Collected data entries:
────────────────────────────────────────

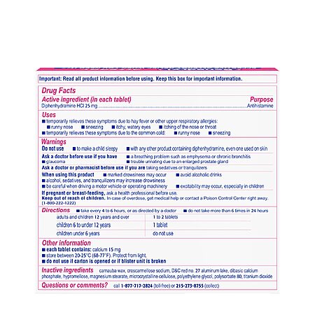 - Get powerful relief from unexpected allergies with Benadryl Allergy Ultratabs Antihistamine Allergy Relief Tablets; that offer effective cold & allergy relief from hay fever, upper respiratory allergy & common cold symptoms in one small, oval shaped coated tablet. Each easy-to-swallow tablet contains 25 milligrams of the antihistamine diphenhydramine HCl to temporarily relieve allergy symptoms due to hay fever & upper respiratory allergies like sneezing; runny nose; itchy throat & nose; & itchy,
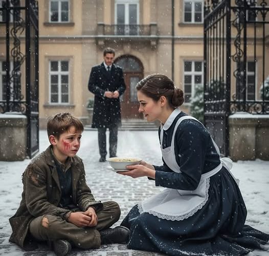 Claire je tiho otvorila bočna vrata i povela dječaka u kuhinju – jedino mjesto u ogromnoj vili koje je zaista imalo dušu. Mirisi svježeg kruha i tople čorbe ispunjavali su prostor.
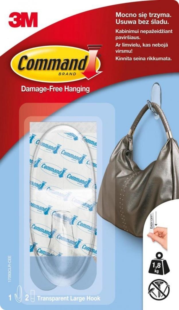 Opis: Hak wielokrotnego użytku samoprzylepny transpar.
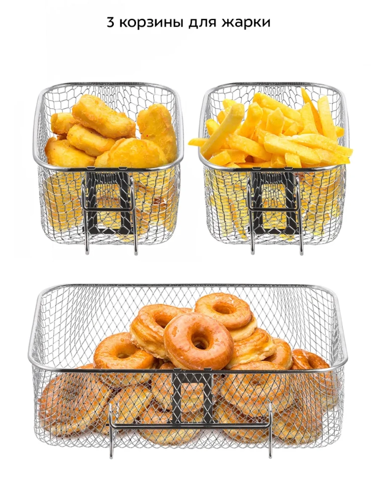 В комплекте три корзины для жарки: одна большая и две малые. Для удобства хранения ручки корзин снимаются.
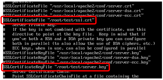 | SSLCertificateFile "path" SSLCertificateKeyFile "path" # SSLCACertificateFile "path" // 체이닝이 필요할 경우 설정 |
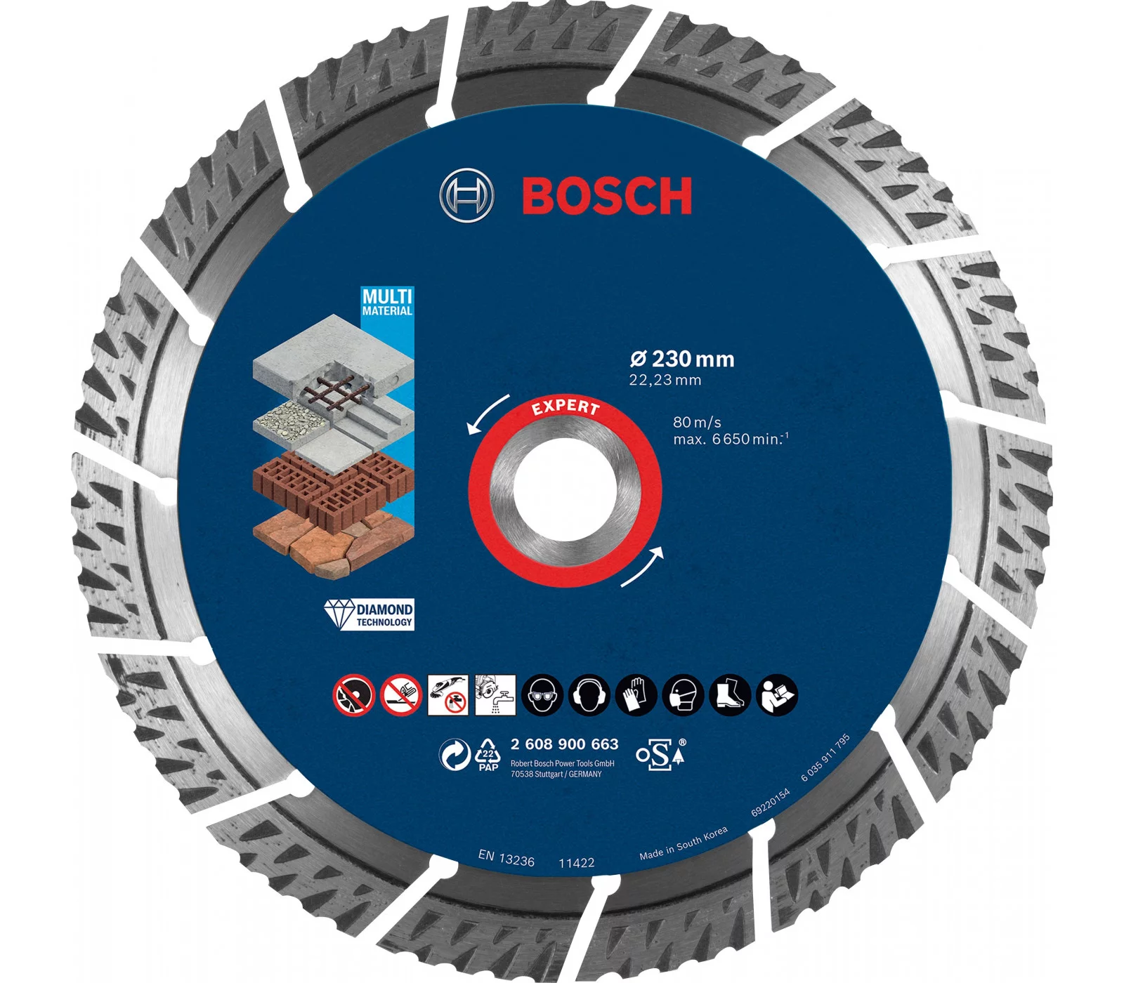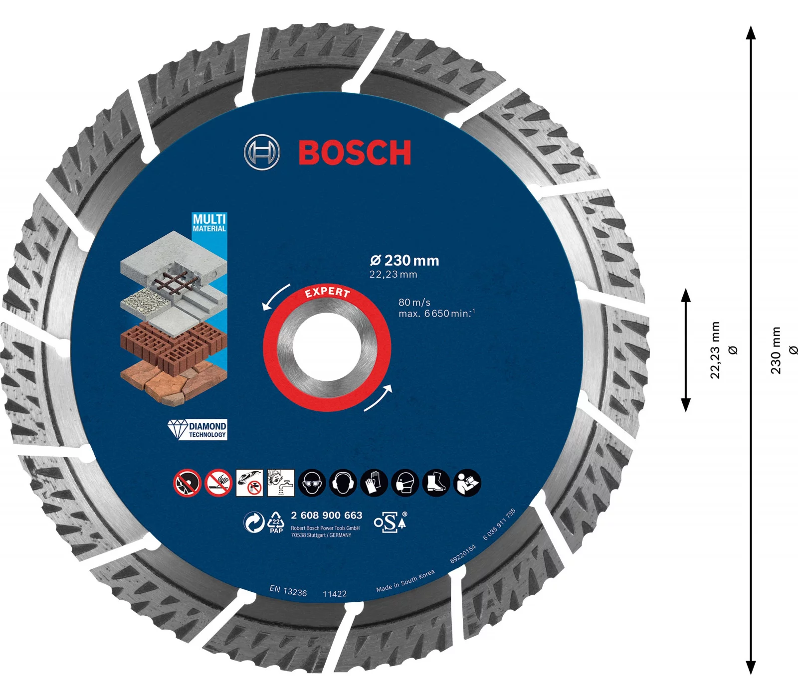 Universalus deimantinis pjovimo diskas statyboms Bosch Expert, 230 x 22,23 x 2,4 mm, 1 vnt.

────────────────────────────────────────

Task to complete »
Return all the records above exactly, pictures omitted.

Answer for this exercise »
 - Get powerful relief from unexpected allergies with Benadryl Allergy Ultratabs Antihistamine Allergy Relief Tablets; that offer effective cold & allergy relief from hay fever, upper respiratory allergy & common cold symptoms in one small, oval shaped coated tablet. Each easy-to-swallow tablet contains 25 milligrams of the antihistamine diphenhydramine HCl to temporarily relieve allergy symptoms due to hay fever & upper respiratory allergies like sneezing; runny nose; itchy throat & nose; & itchy,
 Claire je tiho otvorila bočna vrata i povela dječaka u kuhinju – jedino mjesto u ogromnoj vili koje je zaista imalo dušu. Mirisi svježeg kruha i tople čorbe ispunjavali su prostor.
 Opis: Hak wielokrotnego użytku samoprzylepny transpar.
 В комплекте три корзины для жарки: одна большая и две малые. Для удобства хранения ручки корзин снимаются.
 | SSLCertificateFile "path" SSLCertificateKeyFile "path" # SSLCACertificateFile "path" // 체이닝이 필요할 경우 설정 |
 Universalus deimantinis pjovimo diskas statyboms Bosch Expert, 230 x 22,23 x 2,4 mm, 1 vnt.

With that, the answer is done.